■ **What is required**
All that is wanted is the exact text of the lines below from the one with "Karabaye: undi munyeshuri" through the one with "Вот честно впервые", inclusive, minus any pictures.

■ **Data shown**
+---+

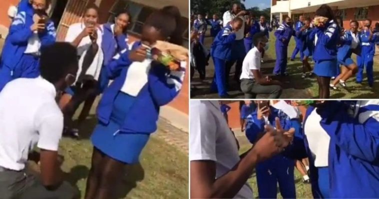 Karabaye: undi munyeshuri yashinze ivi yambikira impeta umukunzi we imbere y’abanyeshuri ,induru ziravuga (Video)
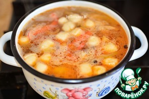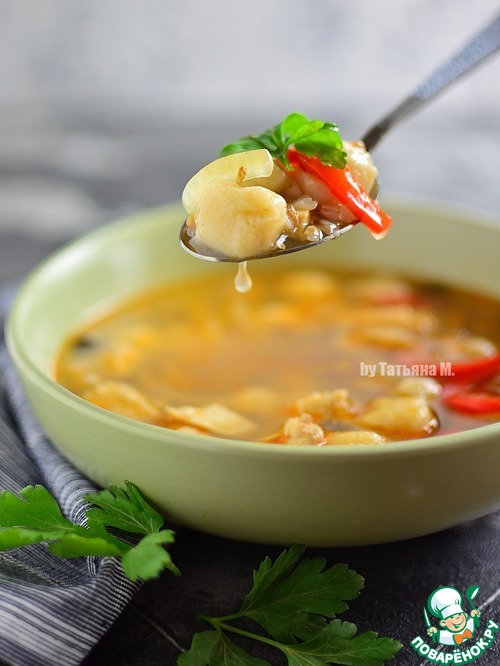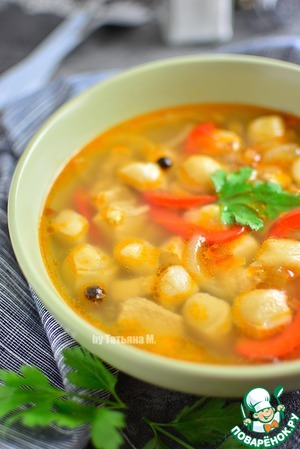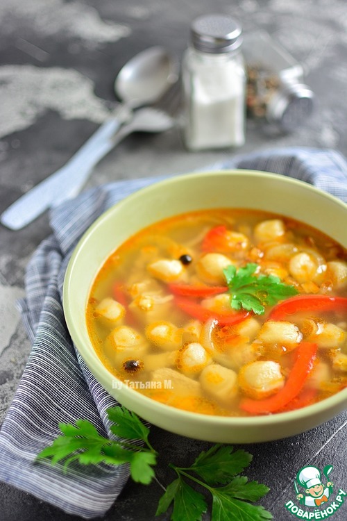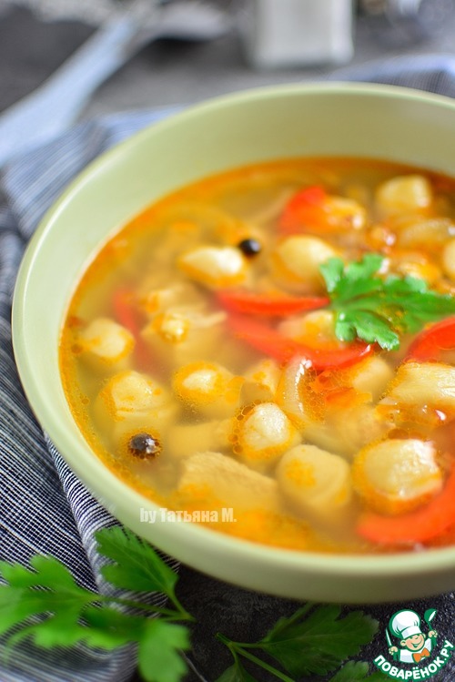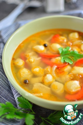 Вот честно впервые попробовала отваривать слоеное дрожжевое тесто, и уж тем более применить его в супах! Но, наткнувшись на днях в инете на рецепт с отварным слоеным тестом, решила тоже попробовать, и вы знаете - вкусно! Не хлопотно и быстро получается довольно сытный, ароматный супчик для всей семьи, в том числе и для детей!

+---+

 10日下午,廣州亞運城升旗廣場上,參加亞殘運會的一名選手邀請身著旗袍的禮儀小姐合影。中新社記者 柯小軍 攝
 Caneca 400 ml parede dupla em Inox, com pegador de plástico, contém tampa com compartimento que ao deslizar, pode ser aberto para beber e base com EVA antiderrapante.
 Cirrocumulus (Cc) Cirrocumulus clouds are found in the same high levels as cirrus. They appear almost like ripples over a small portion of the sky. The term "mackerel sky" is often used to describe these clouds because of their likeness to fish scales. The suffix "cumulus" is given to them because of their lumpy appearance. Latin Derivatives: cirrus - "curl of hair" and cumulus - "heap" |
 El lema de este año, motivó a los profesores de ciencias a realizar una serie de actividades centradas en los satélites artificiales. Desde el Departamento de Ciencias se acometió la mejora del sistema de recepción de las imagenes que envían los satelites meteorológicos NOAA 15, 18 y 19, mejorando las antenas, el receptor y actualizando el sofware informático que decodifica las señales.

+---+

■ **Task result**
 Karabaye: undi munyeshuri yashinze ivi yambikira impeta umukunzi we imbere y’abanyeshuri ,induru ziravuga (Video)
 Вот честно впервые попробовала отваривать слоеное дрожжевое тесто, и уж тем более применить его в супах! Но, наткнувшись на днях в инете на рецепт с отварным слоеным тестом, решила тоже попробовать, и вы знаете - вкусно! Не хлопотно и быстро получается довольно сытный, ароматный супчик для всей семьи, в том числе и для детей!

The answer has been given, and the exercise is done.